L.A. Taxi Co., touted just last year as the savior of Los Angeles’ problem-plagued taxi industry, is in “very dire financial straits” with estimated losses of $1.3 million since beginning operations at the start of the Olympics, company officials said Tuesday.
“It’s highly unlikely that the company will turn a profit (under current conditions),” said Mitchell Rouse, operator of Wilmington Cab Co., a partner in the 247-cab L.A. Taxi fleet.
“We are in very dire financial straits.”
In recent months, Rouse and other company officials said, the taxi company--armed with an initial investment of $4.1 million--got off to a slow start when the Olympics did not generate the expected amount of business, lost a substantial number of drivers it trained, was forced to cut back an ambitious advertising program and had to face intense competition for riders in Los Angeles’ central business districts.
Reports that L.A. Taxi was having financial problems had been circulating within industry circles for several months, but Tuesday’s disclosure by Rouse and Ronald Monarch, president of L.A. Taxi, was the first public statement on the extent of the company’s losses since it began operations last July 12.
Rouse and Monarch admitted the losses when they appeared before the city Transportation Commission to argue in favor of a bail-out proposal that would allow the company to reclassify its employee drivers as independent contractors.
Under the proposal, L.A. Taxi would not have to make Social Security and unemployment insurance contributions on behalf of its drivers, thus reducing its expenses. Drivers would then be responsible for those payments, city officials said.
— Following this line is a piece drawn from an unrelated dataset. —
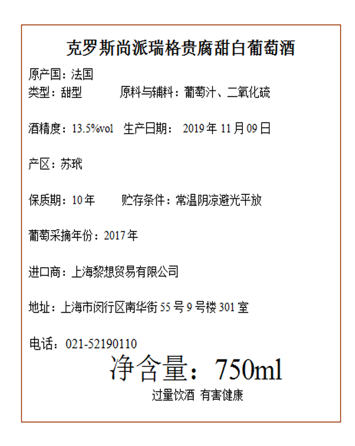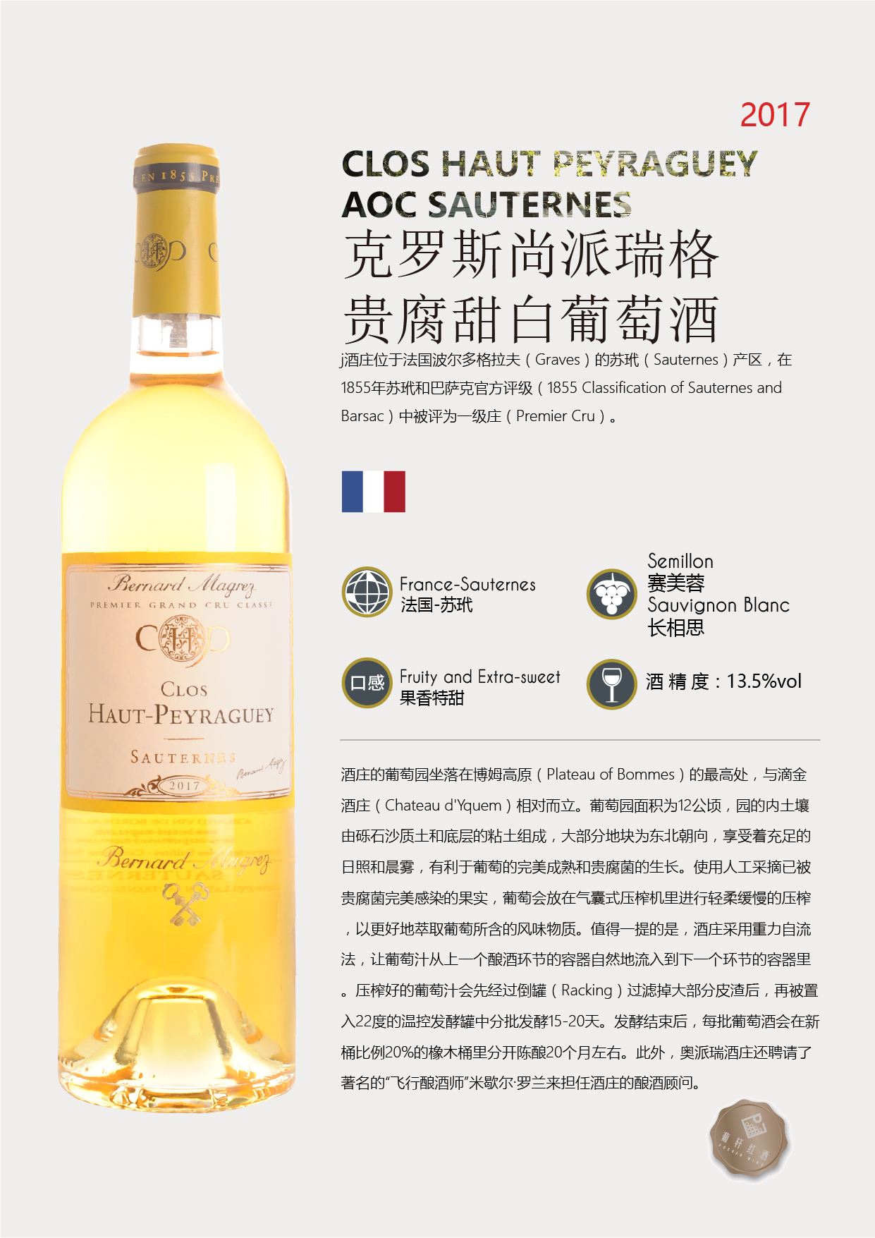 卖点 | 1855年苏玳和巴萨克官方评级(1855 Classification of Sauternes and Barsac)中被评为一级庄(Premier Cru) | 级别 | AOC | 酸度 | 中等 |

A profit could be realized “in less than 60 days” if the proposal is adopted, Monarch said.
Under the plan, proposed by the Department of Transportation, no city funds would be given to L.A. Taxi, officials said.
The proposal ran into opposition at the commission hearing as several representatives from Los Angeles’ two taxi-owner associations--still miffed that L.A. Taxi was allowed to go into business in the first place--argued that the company had no specific plans how it make its drivers independent contractors.
Frank Filosa, president of the United Independent Taxi Drivers, and Siroos Moatazedi, president of the Independent Taxi Owners Assn., argued that an internal audit of L.A. Taxi financial records should be made to determine if bad management was the cause of the cab company’s problems.
After a nearly two-hour hearing, the commission agreed to delay consideration of the proposal for 30 days.
Hoping to shake up the trouble-plagued taxi industry, city officials last year granted L.A. Taxi a franchise because of its promise to use brand-new Ford LTD cabs, enforce strict regulations to prohibit price-gouging or trip refusals by drivers and ensure that all drivers were neat and courteous.
In addition, an Ohio transportation firm agreed to back the new venture. City transportation officials said the Cincinnati-based ATE Management Co. had wide experience throughout the world and would set a standard in Los Angeles that other cab companies, which were constantly running afoul of city regulations, would have to meet to stay competitive.
City officials pointed out that L.A. Taxi gets much fewer complaints than either of the two driver-owner associations.